The primary reason most patients are admitted onto the adult general ICU is that they are suffering from acute lung disease resulting in an inability to maintain adequate blood oxygenation. Thus a method of modelling acute lung disease was an important element of the modelling process. It is well established in the literature that distribution of ventilation and perfusion over the lung is not homogenous5-8. Results from multiple inert gas elimination techniques (MIGET) suggest that for normal healthy lungs, ventilation and perfusion are log-normally distributed6,7 while patients with Adult Respiratory Distress Syndrome (ARDS)5 or other pathologies8 have been shown to have bimodal distributions. Using these results as a starting point, we examined a theoretical model of a multi-compartment lung having a log-normal distribution of VQ ratios to determine what pattern of damage would give rise to a bimodal distribution. This showed that a bimodal distribution for D% lung damage was obtained by setting the VQ ratios for a randomly selected D/100 compartments to 1% of their non-damaged value.

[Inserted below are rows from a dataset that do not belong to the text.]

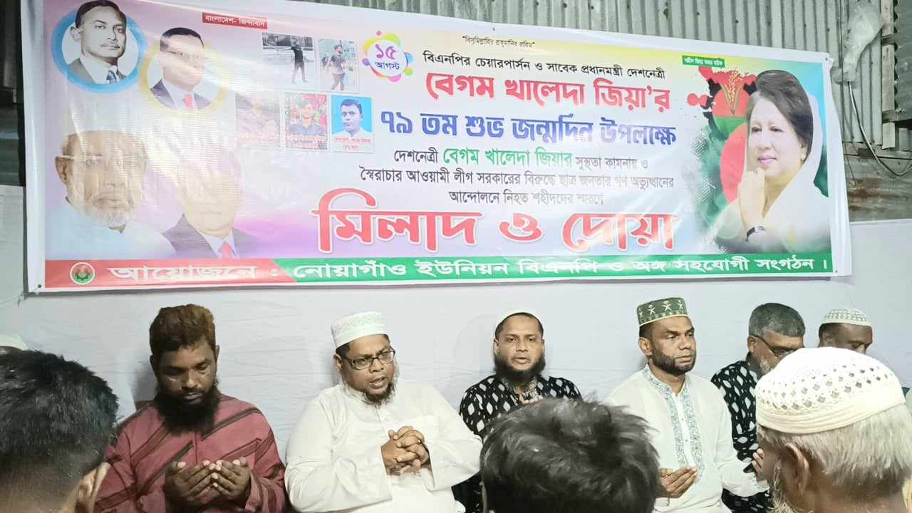 নারায়ণগঞ্জের সোনারগাঁয়ে নোয়াগাঁও ইউনিয়ন বিএনপির উদ্যোগে খালেদা জিয়ার ৭৯ তম জন্মদিন উপলক্ষে বেগম জিয়ার রোগ মুক্তি ও দীর্ঘায়ু কামনা করে মিলাদ মাহফিল অনুষ্ঠিত হয়েছে, বৈষম্য বিরোধী ছাত্র আন্দোলনের নিহত আহতদের স্মরণে এ সময় দোয়া মোনাজাত করা হয়।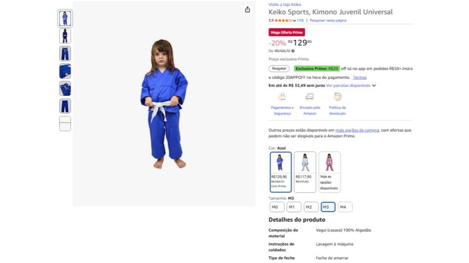 Você garante um produto de alta durabilidade e versatilidade por um valor que cabe no seu planejamento: apenas R$129,90 com a assinatura Amazon Prime. É um preço super justo para quem busca qualidade, segurança e economia no primeiro kimono.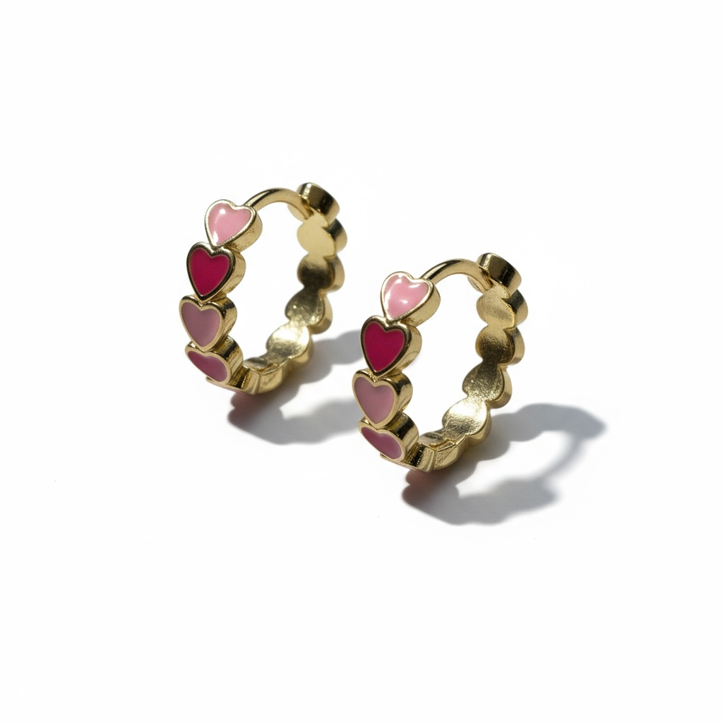 Opdag vores øreringe med de sødeste lyserøde hjerter. Perfekte til enhver lejlighed, de tilføjer et strejf af charme og stil til dit outfit.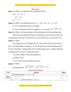 Câu 1 (2,0 điểm). Giải phương trình, hệ phương trình sau a) 2x2 - 5x - 12 = 0 b)

To validate our theoretical model we required a technique which spatially measures VQ ratios. Isotope (VQ) lung scans where different isotope compounds are used to assess ventilation (V) and lung perfusion (Q) independently are routinely used to investigate patients with suspected pulmonary embolism (PE). Such scans are however, not tomographic. Four views are normally taken: anterior, posterior, left oblique and right oblique. The problem with the two oblique views is that left and right lung images are partially superimposed – therefore only the anterior and posterior views were used in this study. Using data from the Visible Human project, a 3d anatomical model of the lungs within the thorax was constructed. Each voxel within this model was identified as belonging to 1 of 3 material types: lung, air and soft tissue. Using the linear attenuation coefficients for gamma radiation, this model was used to construct virtual VQ lung scans. These were very similar to lung scans obtained from normal subjects. Scans from 10 normal subjects and 10 subjects with PE were used to validate the theoretical model of lung damage. From the average of the anterior and posterior scans from each of these subjects the distribution of VQ values was obtained. To assess the degree of lung damage, these lung scans were first registered to the theoretical lung scans obtained from the Visible Human using an affine transform. Cross sectional slices from the Visible Human model could then have lung damage added, as shown in Figure 3. Ca and Cp are the measured isotope counts; t1 and t2, l1 and l2, and d1 and d2 represent the boundaries of the thorax, lung and damage respectively along a line in the anterior-posterior direction. Solving the integral equations relating Ca and Cp to isotope activity within the lung for d1 and d2 across the whole slice gives the size of the damaged area. Repeating this process across all slices allows us to compute a % damage by volume. 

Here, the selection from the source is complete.